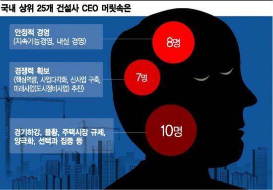 '지속가능경영'을 비롯한 '안정적 수주 물량' 확보와 '현금 흐름의 안정성', '안정적 회사 운영', '현상 유지' 등 유난히 '안정'이라는 표현이 눈에 띄었다. 올해 글로벌 경제는 물론 국내 경기상황도 악화될 것으로 전망되자 건설사 CEO 역시 '시장 다운턴(경기하강)'이나 '불황' 등을 올해 핵심 키워드로 꼽고, 급변하는 경영 환경에 대응할 수 있는 경쟁력 확보에 초점을 맞추고 있는 것이다. '차별적인 핵심 역량 강화'나 '사업 다각화', '신사업 기반 확충', '불황에 대비한 경영 전략' 등의 답변도 경영 악화에 대비한 자구책을 마련하지 않으면 살아남을 수 없다는 절박함이 담긴 표현으로 풀이된다.
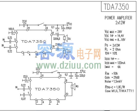 基于TDA7240A制作的20W單電源BTL功放電路圖
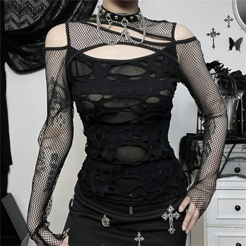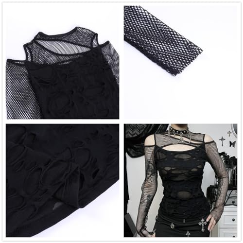 • The bold and eye-catching design, along with the rock and roll t-shirts for women, makes it a must-have for any punk fashion enthusiast. With its cutout details and fishnet long sleeve, this black alt shirt exudes a gothic vibe that adds an extra layer of uniqueness to your style.
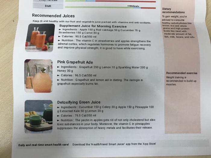 乍看之下就是一个榨汁机。但记者采访获知,这个并不是一个普通的榨汁机。使用者在机器连接的APP中输入身高体重,手捏上图机器左右两侧的圆圈站立十秒后,APP就可以统计出使用者的基本身体情况,包括体脂率、体内含水量、体内含矿量等,然后根据这些信息为使用者匹配合理的营养结构,推荐果汁的选择:
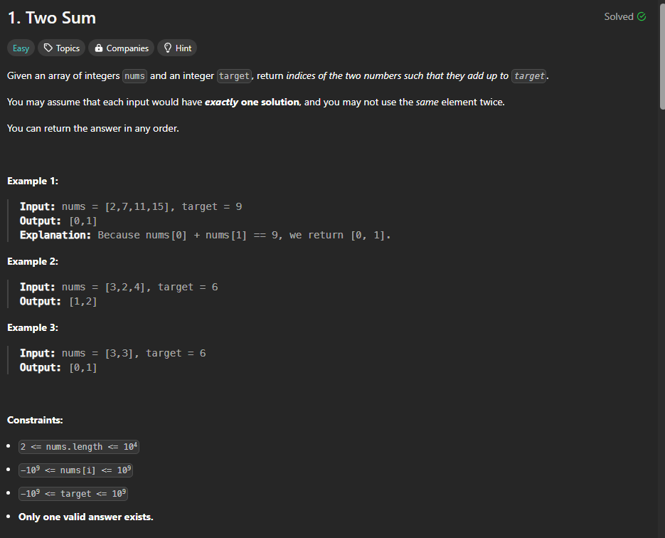 특히 complement를 이끌어내는 공식인 target - nums[i]를 활용해볼 생각 또한 하지 못했다.
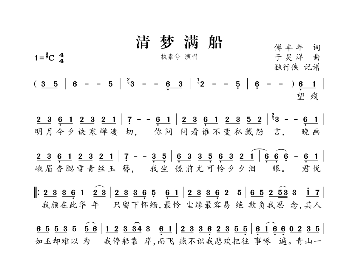 《清梦满船》是执素兮演唱的一首歌曲,拍号为4/4拍,这份简谱共有一张高清图谱,图谱由 @独行侠 编配上传。
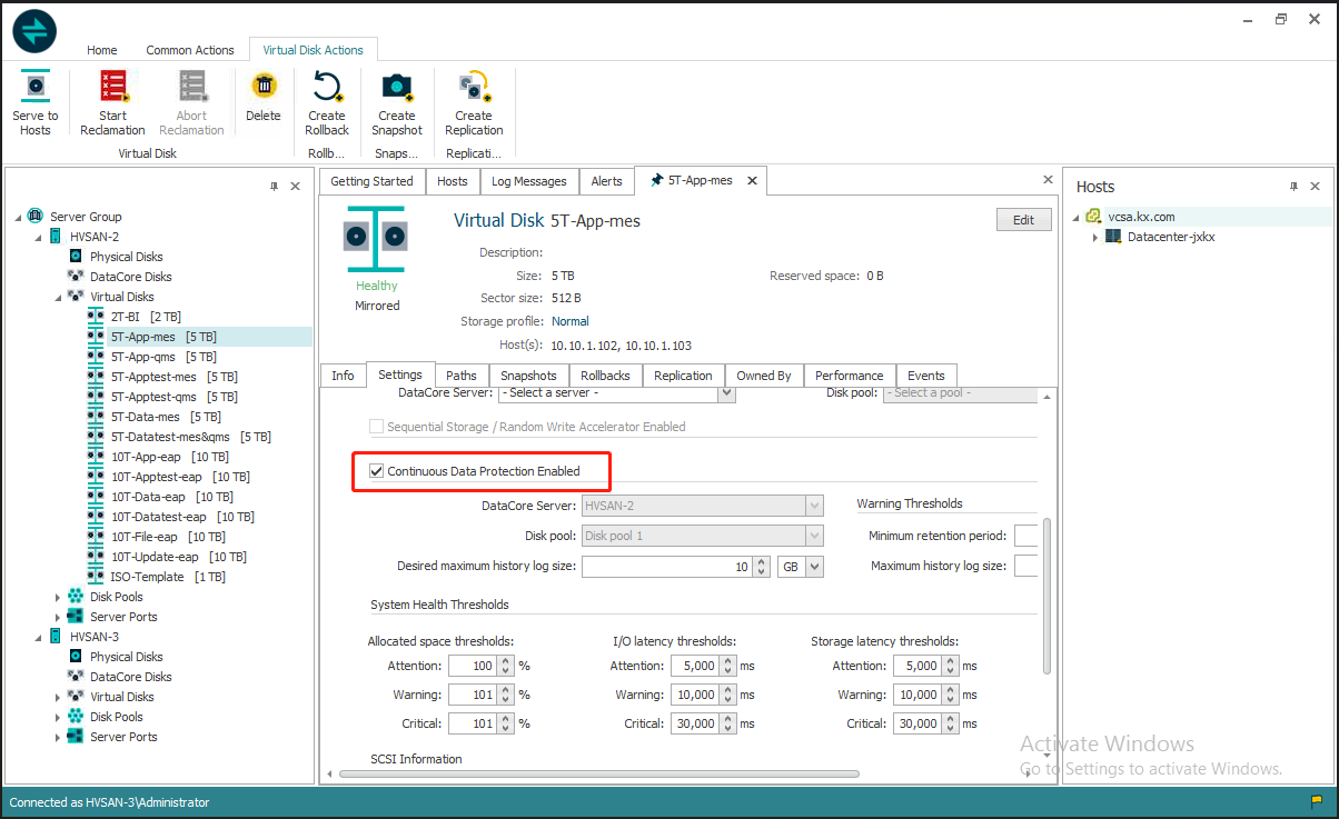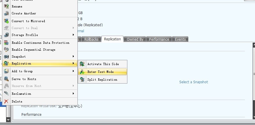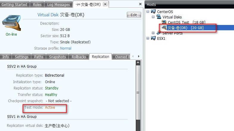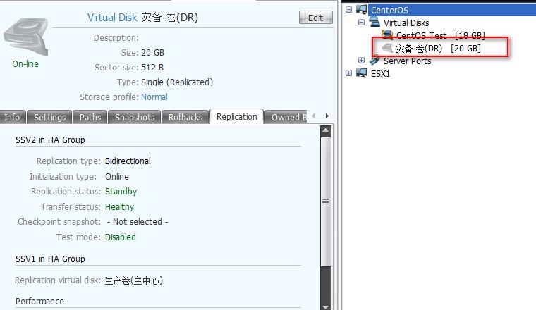 通过上图可以看出,位于远程灾备中心的“灾备卷”在映射给主机之后被自动锁死,设置为灰色不可用访问状态。这和大多数产品一样,为了避免与实时汇入新数据造成读写冲突。

^^^^

EXERCISE ▸ Everything in the entries above except the pictures should be given again exactly.

EXERCISE SOLUTION ▸
 '지속가능경영'을 비롯한 '안정적 수주 물량' 확보와 '현금 흐름의 안정성', '안정적 회사 운영', '현상 유지' 등 유난히 '안정'이라는 표현이 눈에 띄었다. 올해 글로벌 경제는 물론 국내 경기상황도 악화될 것으로 전망되자 건설사 CEO 역시 '시장 다운턴(경기하강)'이나 '불황' 등을 올해 핵심 키워드로 꼽고, 급변하는 경영 환경에 대응할 수 있는 경쟁력 확보에 초점을 맞추고 있는 것이다. '차별적인 핵심 역량 강화'나 '사업 다각화', '신사업 기반 확충', '불황에 대비한 경영 전략' 등의 답변도 경영 악화에 대비한 자구책을 마련하지 않으면 살아남을 수 없다는 절박함이 담긴 표현으로 풀이된다.
 基于TDA7240A制作的20W單電源BTL功放電路圖
 • The bold and eye-catching design, along with the rock and roll t-shirts for women, makes it a must-have for any punk fashion enthusiast. With its cutout details and fishnet long sleeve, this black alt shirt exudes a gothic vibe that adds an extra layer of uniqueness to your style.
 乍看之下就是一个榨汁机。但记者采访获知,这个并不是一个普通的榨汁机。使用者在机器连接的APP中输入身高体重,手捏上图机器左右两侧的圆圈站立十秒后,APP就可以统计出使用者的基本身体情况,包括体脂率、体内含水量、体内含矿量等,然后根据这些信息为使用者匹配合理的营养结构,推荐果汁的选择:
 특히 complement를 이끌어내는 공식인 target - nums[i]를 활용해볼 생각 또한 하지 못했다.
 《清梦满船》是执素兮演唱的一首歌曲,拍号为4/4拍,这份简谱共有一张高清图谱,图谱由 @独行侠 编配上传。
 通过上图可以看出,位于远程灾备中心的“灾备卷”在映射给主机之后被自动锁死,设置为灰色不可用访问状态。这和大多数产品一样,为了避免与实时汇入新数据造成读写冲突。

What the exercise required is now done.